Chapitre1 Science et graphiques

Ce chapitre se veut une introduction générale au graphique scientifique. Il s’ouvre sur une brève histoire de la visualisation graphique des données. Le lecteur voyagera des premières cartes rudimentaires du Paléolithique jusqu’à l’époque moderne, marquée par la naissance du dataviz et de l’infographie. Il n’existe pas pour l’instant de théorie complètement satisfaisante sur le graphique (même si des efforts ont été entrepris depuis la seconde moitié du XXe siècle), mais nous avons tout de même souhaité fournir au lecteur quelques règles de bon usage dans l’élaboration de graphiques. C’est l’objet de la dernière partie de ce chapitre.

1.1 Une brève histoire du graphique

Notre époque est marquée par une véritable révolution dans notre manière d’appréhender le monde et les choses qui nous entourent. Ce monde numérique dans lequel nous vivons nous permet de quantifier et d’archiver une quantité phénoménale d’informations. Et les récents développements technologiques fournissent des outils sophistiqués pour analyser et visualiser ces données. C’est dans ce contexte que sont apparues l’infographie et la data visualisation (également connue sous le terme de dataviz). Longtemps confinés dans des disciplines spécialisées, les graphiques ont envahi notre quotidien (presse écrite et en ligne, journaux télévisés, Internet, etc.) au point que certains abus et erreurs sont régulièrement commis, et les bonnes pratiques dans la conception de graphiques, héritées d’une longue évolution, sont purement écartées au profit de l’esthétisme ou de l’expérience visuelle. Ainsi, il est pertinent de se plonger dans l’histoire du graphique afin d’en dégager les principales innovations et règles de bon usage permettant d’atteindre le but principal de tout graphique : transmettre une information fidèle aux observations, de manière la plus simple sans déformer la réalité.

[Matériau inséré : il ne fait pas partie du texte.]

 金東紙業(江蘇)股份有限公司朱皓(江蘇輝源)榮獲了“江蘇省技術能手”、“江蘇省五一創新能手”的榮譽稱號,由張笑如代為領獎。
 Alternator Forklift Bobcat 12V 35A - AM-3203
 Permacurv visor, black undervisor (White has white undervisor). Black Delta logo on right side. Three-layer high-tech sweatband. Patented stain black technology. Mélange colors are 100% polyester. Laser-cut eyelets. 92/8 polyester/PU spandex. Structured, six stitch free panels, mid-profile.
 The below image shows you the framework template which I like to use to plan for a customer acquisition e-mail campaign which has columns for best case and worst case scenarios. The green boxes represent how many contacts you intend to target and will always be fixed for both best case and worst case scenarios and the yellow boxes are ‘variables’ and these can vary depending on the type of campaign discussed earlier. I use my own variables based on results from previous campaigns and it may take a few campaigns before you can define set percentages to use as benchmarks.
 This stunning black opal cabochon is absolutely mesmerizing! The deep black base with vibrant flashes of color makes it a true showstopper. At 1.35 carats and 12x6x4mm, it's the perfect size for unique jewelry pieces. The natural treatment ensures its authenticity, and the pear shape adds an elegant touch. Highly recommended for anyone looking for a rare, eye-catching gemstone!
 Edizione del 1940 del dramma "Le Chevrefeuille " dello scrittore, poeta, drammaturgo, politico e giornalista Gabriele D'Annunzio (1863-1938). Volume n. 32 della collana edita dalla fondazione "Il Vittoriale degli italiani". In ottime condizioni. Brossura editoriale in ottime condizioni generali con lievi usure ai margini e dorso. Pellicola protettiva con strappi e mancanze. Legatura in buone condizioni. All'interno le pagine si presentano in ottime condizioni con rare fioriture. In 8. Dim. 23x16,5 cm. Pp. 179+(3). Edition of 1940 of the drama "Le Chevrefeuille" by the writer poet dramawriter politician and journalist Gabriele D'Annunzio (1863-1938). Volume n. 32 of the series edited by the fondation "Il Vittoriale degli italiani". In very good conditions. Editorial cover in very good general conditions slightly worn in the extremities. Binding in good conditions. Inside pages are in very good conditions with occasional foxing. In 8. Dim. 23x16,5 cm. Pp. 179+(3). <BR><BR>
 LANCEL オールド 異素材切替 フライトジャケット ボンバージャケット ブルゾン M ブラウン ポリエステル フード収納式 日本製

L’un des plus grands spécialistes de l’histoire du graphique est sans aucun doute Michael Friendly, professeur de psychologie à l’université York au Canada. Il est l’auteur de plusieurs ouvrages dédiés à l’histoire de la visualisation de l’information et des données, mais sa contribution la plus notable est son Milestones in the History of Thematic Cartography, Statistical Graphics, and Data Visualization1 (dont l’histoire relatée ici s’est largement inspirée), une chronologie illustrée retraçant la longue histoire de la visualisation des données et des principales innovations. Friendly reconnaît plusieurs époques successives (Friendly 2008), mais dans un soucis de synthèse, nous nous limiterons aux quatre époques suivantes :

  • les premiers balbutiements, dont la période précède le XVIIIe siècle;
  • l’âge d’or, s’étalant du XVIIIe siècle à la fin du XIX e siècle;
  • l’âge sombre, couvrant la première moitié du XX e siècle;
  • la renaissance du graphique, amorcée dès la seconde moitié du XX e siècle.

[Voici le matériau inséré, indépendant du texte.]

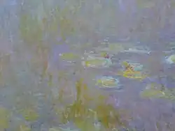 Inspirado en el ambiente de sus jardines en Giverny, inició en 1906 la serie de cuadros muy grandes sobre plantas florales acuáticas, (los cuadros de ninfeas y nenúfares que pueden admirarse actualmente en el museo parisino de La Orangerie).
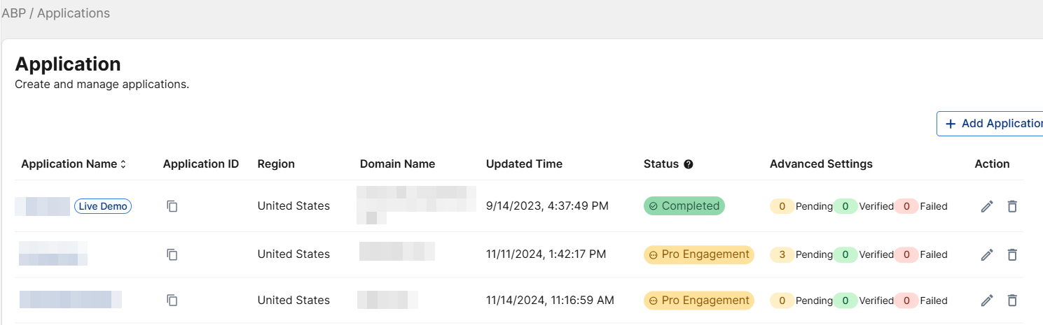For more detail on the Pre-provisioning status of a specific application, access its ABP Traffic Insights Dashboard by clicking on its Application Name, or by clicking on it's Status and selecting View Dashboard.

1.1.1 Premiers balbutiements

Il serait tentant de croire que le graphique est un procédé récent, mais les premières tentatives sont très anciennes et trouvent leur origine dans la cartographie et l’astronomie, disciplines indispensables à l’exploration et à la navigation. La plus ancienne carte connue à ce jour date de 13660 calBP2 (période du Paléolithique supérieur) et a été découverte dans la cave d’Abauntz en Navarre espagnole. Il s’agit d’une carte gravée sur une roche et représentant le parcours d’une chasse à venir (ou passée) placé dans le contexte du paysage environ à la cave (Utrilla et al. 2009).

Par la suite, on verra apparaître la première carte du monde connu (Anaximandre de Milet, 550 av. J.-C.), ainsi que la première représentation graphique de la longitude dans une carte figurant une Terre sphérique (Ptolémé, années 150 de notre ère). Au cours des siècles suivants, les découvertes successives dans le domaine de la cartographie conduiront à la réalisation du premier atlas moderne en 1570 par le cartographe néerlandais Abraham Ortelius : le Teatrum Orbis Terrarum, composé de 53 cartes (Figure ).

Le Teatrum Orbis Terrarum d’Abraham Ortelius (1570, domaine publique)

Le Teatrum Orbis Terrarum d’Abraham Ortelius (1570, domaine publique)

C’est donc avec la cartographie que les premières représentations graphiques sont nées et ceci s’explique facilement : une carte ne requière qu’un faible niveau d’abstraction (on représente l’espace dans l’espace). Cependant, des tentatives d’abstraction plus poussées ont été entreprises afin de représenter sous forme de graphiques des informations non spatiales. Ainsi, Nicolas Oresme, évêque de Lisieux aux nombreuses activités (économiste, physicien, mathématicien, astronome, philosophe, etc.) fut le premier à représenter sous forme graphique le rapport entre deux variables (vers 1350). Sans le savoir, il fut le précurseur du système de coordonnées, bien avant René Descartes et son repère cartésien (1637). Un siècle plus tard, Nicolas Krebs (également connu sous le patronyme de Nicolas de Cuse), cardinal et grand penseur allemand à qui l’on doit de nombreux écrits astronomiques, conçoit un graphique théorique dans lequel il représente la vitesse en fonction de la distance.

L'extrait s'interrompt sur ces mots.